▶ _YOUR GOAL_:
The result should be an exact copy of only the lines from the one with "Model má tříčtvrteční" through the last line of the data below, with pictures omitted.

[Saved data entries]
● ● ● ●

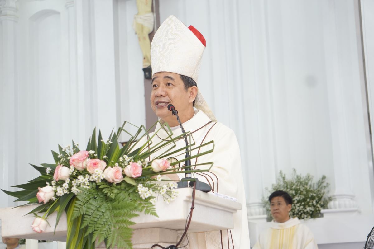 Đặc biệt hơn nữa, vào lúc 08g30 cộng đoàn dân Chúa và quý khách đã được đón người cha chung kính yêu của giáo phận - Đức cha Đaminh Hoàng Minh Tiến.
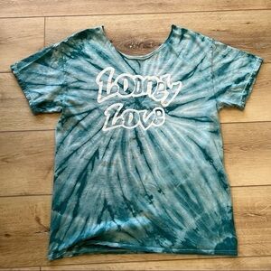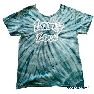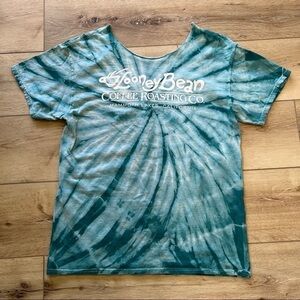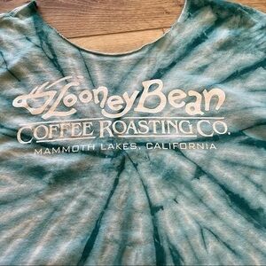 Coffee roasting company cool tie-dye graffiti style short sleeve T-shirt, cut out raw hem neckline, Mammoth Lakes California, looney bean loony love spell outs, measurement shown, no size indicated but could fit a medium or large.
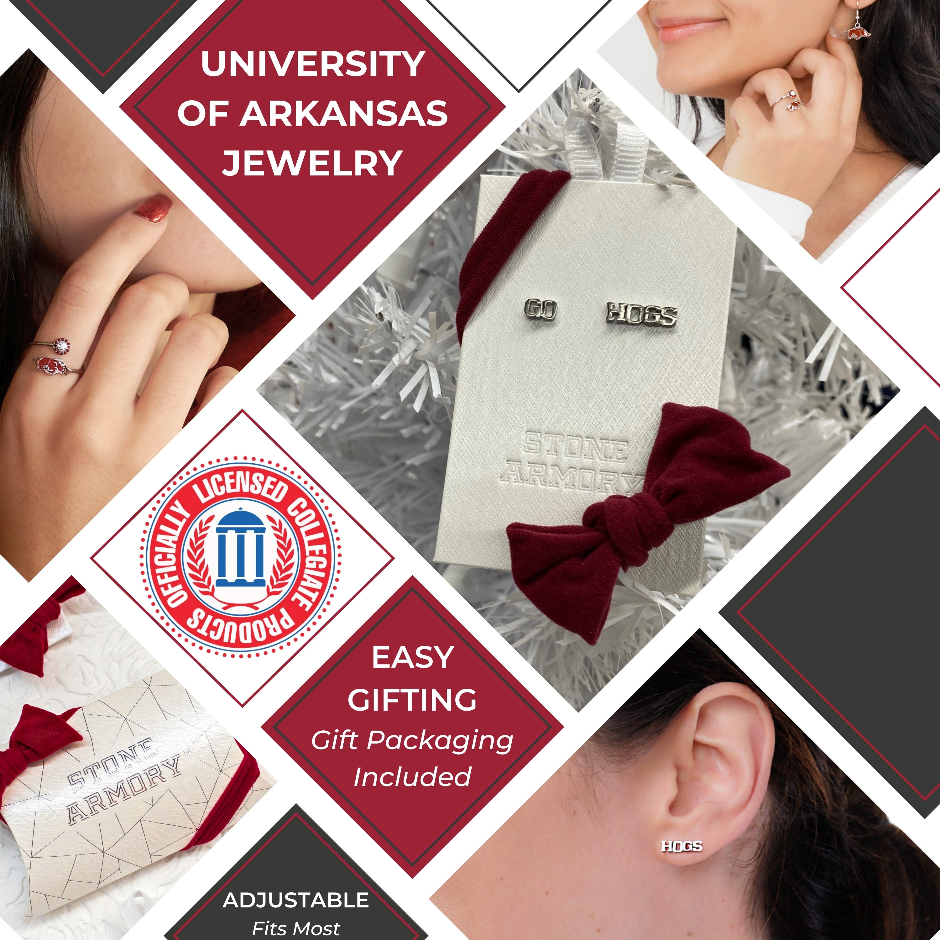 SUPPORT small business: Stone Armory is a small family business dedicated to bringing the passion of everyday life, the love for our America, its people, its beauty and its culture to jewelry pieces. Our goal is to bring life's joys into jewelry by designing pieces that capture the heart, soul, and spirit of memories made together. As avid college football fans, we are proud to present our Officially Licensed University of Arkansas jewelry line.
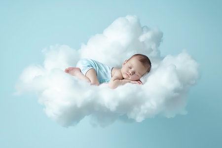 Baby sleeping peacefully with soft clouds and plush toys on pastel blue background
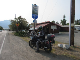 Done with the Yaak we check the internet to see if the road to Glacier NP is still closed...it is. Darn it! So we ride into Canada a ways to get some lunch. Bev samples a Canada original, Poutine.
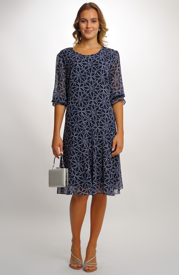 Model má tříčtvrteční rukávy z jemně průsvitné látky, kulatý výstřih a rozšiřující se sukni ke kolenům, která se při pohybu krásně vlní. Tento střih lichotí postavě a je ideální pro společenské akce, svatby, oslavy nebo slavnostní večeře.
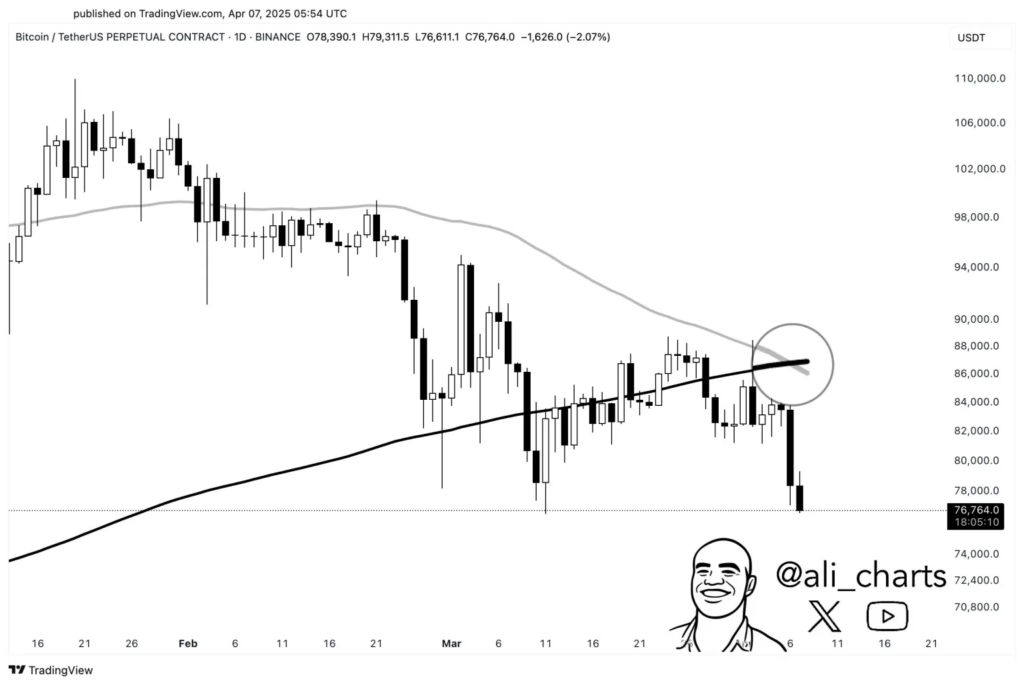 Ali Martinez นักวิเคราะห์ชื่อดัง ชี้ให้เห็นว่าในอนาคตอันใกล้ Bitcoin ยังคงมีสิทธิที่จะเผชิญหน้ากับขาลงต่อเนื่อง อันเป็นผลมาจากสัญญาณ “Death Cross” ซึ่งได้เกิดขึ้นแล้วในกราฟวัน
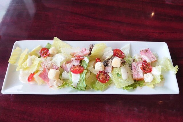 シーザーサラダのベーコンとは比較にならないサイズで登場。そしてギブアップ宣言。次なるピザはテイクアウトにして貰った。
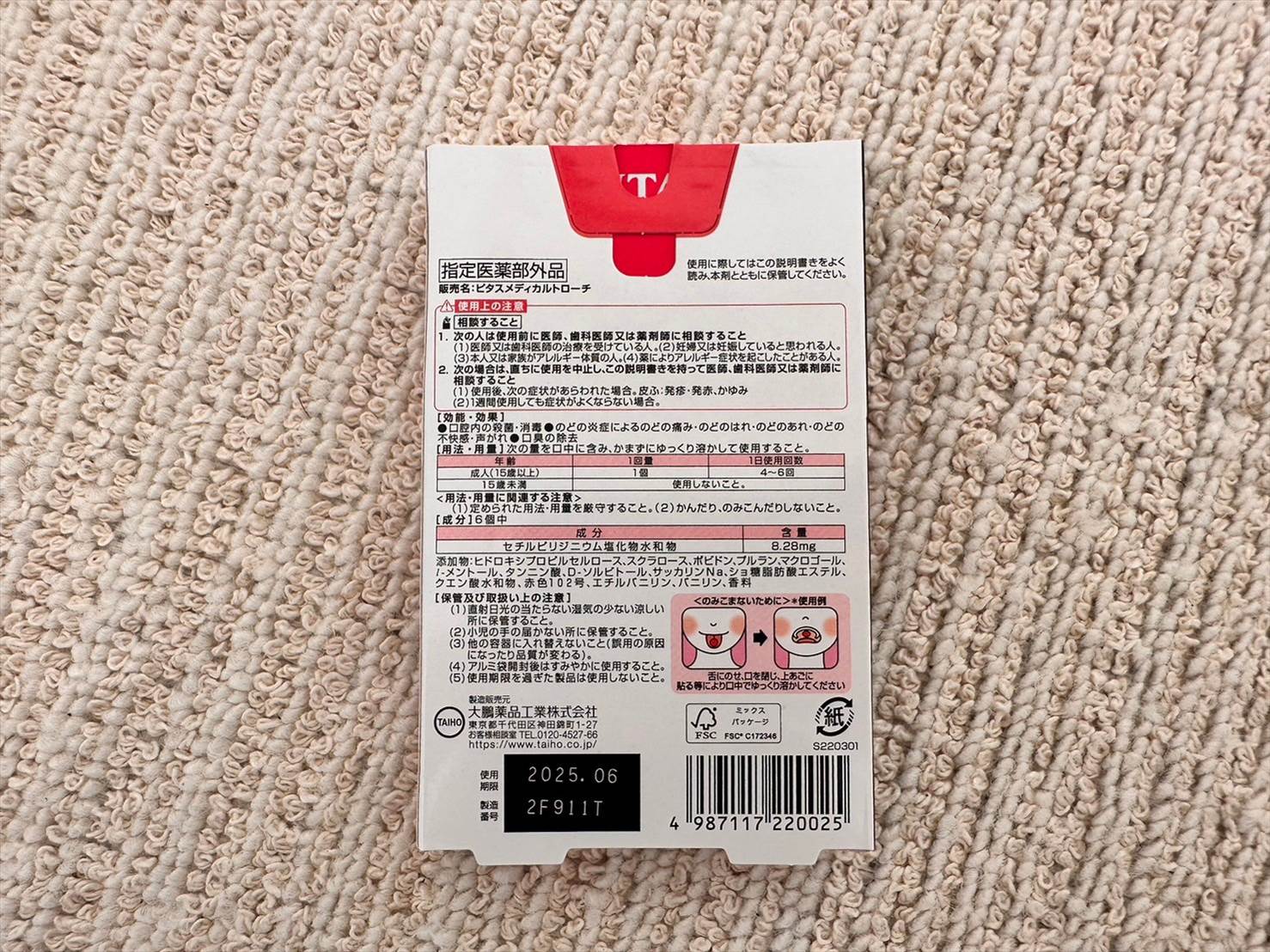 今回の記事では、サンプルボックス内の商品の一つ「ピタスメディカルトローチ」をご紹介。
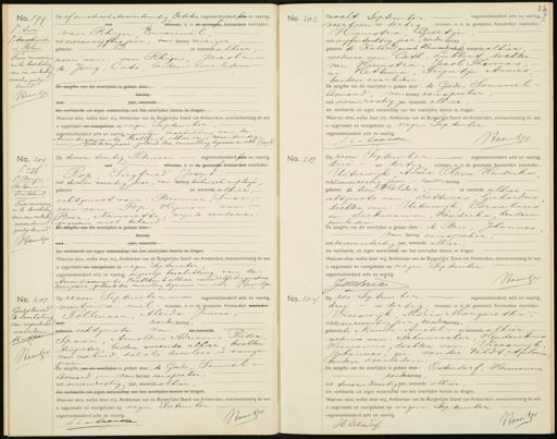 No. 199. ¶ twee ¶ Anschwitz in Polen Twee renvooien en de doorhaling van een endertig woorden goedge beurd Noart Op of omstreeks twee ën twintig October negentienhonderd acht en veertig, mouten, is, in de gemeente Amsterdam overleden:
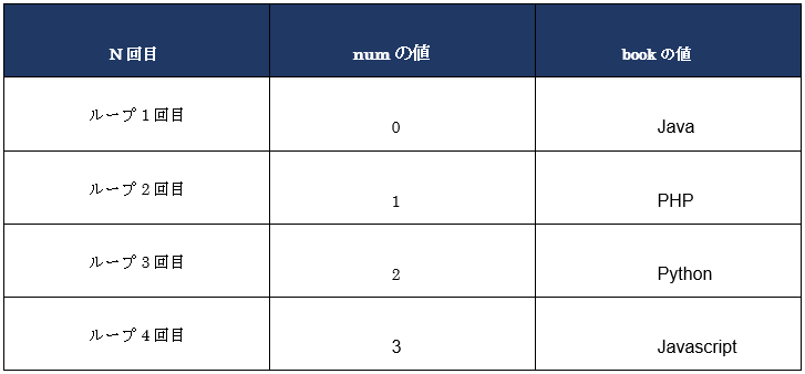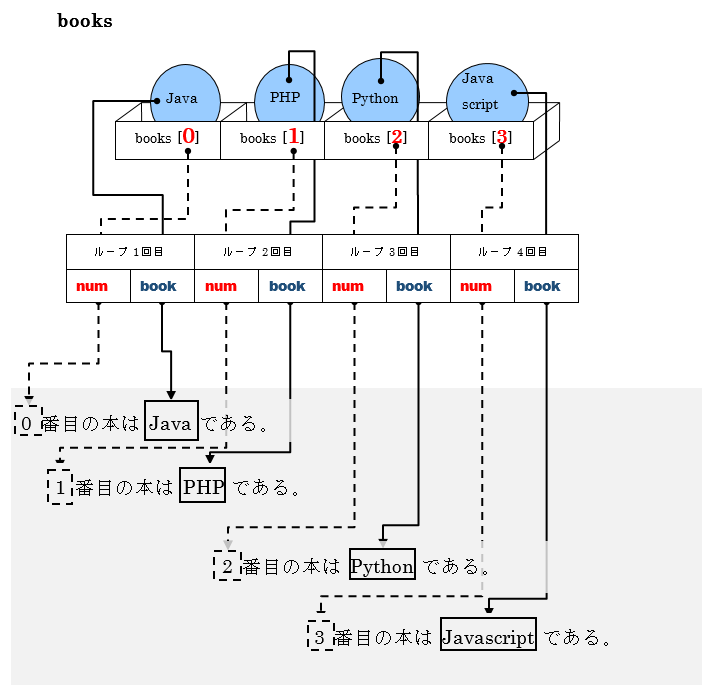 それぞれのリストの各要素は順次取り出され、for文内で宣言した二つの変数(num、book)に代入し、一つの処理が終わると、次の要素の値を代入します。
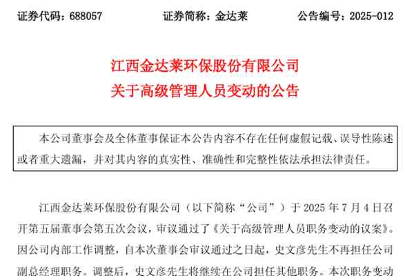 江西金达莱环保股份有限公司(简称:金达莱)近日公告称,因公司内部工作调整,史文彦先生不再担任公司副总经理职务。调整后,史文彦先生将继续在公司担任其他职务。本次职务变动不会对公司日常经营产生不利影响。图源:金达莱公告 据悉,金达莱是一家专注于环保领域的企业,主营业务包括水污染治理、固废处理等环保工程的设计、建设和运营,其产品广泛应用于...

● ● ● ●

▶ _RESULT OF THE EXERCISE_:
 Model má tříčtvrteční rukávy z jemně průsvitné látky, kulatý výstřih a rozšiřující se sukni ke kolenům, která se při pohybu krásně vlní. Tento střih lichotí postavě a je ideální pro společenské akce, svatby, oslavy nebo slavnostní večeře.
 Ali Martinez นักวิเคราะห์ชื่อดัง ชี้ให้เห็นว่าในอนาคตอันใกล้ Bitcoin ยังคงมีสิทธิที่จะเผชิญหน้ากับขาลงต่อเนื่อง อันเป็นผลมาจากสัญญาณ “Death Cross” ซึ่งได้เกิดขึ้นแล้วในกราฟวัน
 シーザーサラダのベーコンとは比較にならないサイズで登場。そしてギブアップ宣言。次なるピザはテイクアウトにして貰った。
 今回の記事では、サンプルボックス内の商品の一つ「ピタスメディカルトローチ」をご紹介。
 No. 199. ¶ twee ¶ Anschwitz in Polen Twee renvooien en de doorhaling van een endertig woorden goedge beurd Noart Op of omstreeks twee ën twintig October negentienhonderd acht en veertig, mouten, is, in de gemeente Amsterdam overleden:
 それぞれのリストの各要素は順次取り出され、for文内で宣言した二つの変数(num、book)に代入し、一つの処理が終わると、次の要素の値を代入します。
 江西金达莱环保股份有限公司(简称:金达莱)近日公告称,因公司内部工作调整,史文彦先生不再担任公司副总经理职务。调整后,史文彦先生将继续在公司担任其他职务。本次职务变动不会对公司日常经营产生不利影响。图源:金达莱公告 据悉,金达莱是一家专注于环保领域的企业,主营业务包括水污染治理、固废处理等环保工程的设计、建设和运营,其产品广泛应用于...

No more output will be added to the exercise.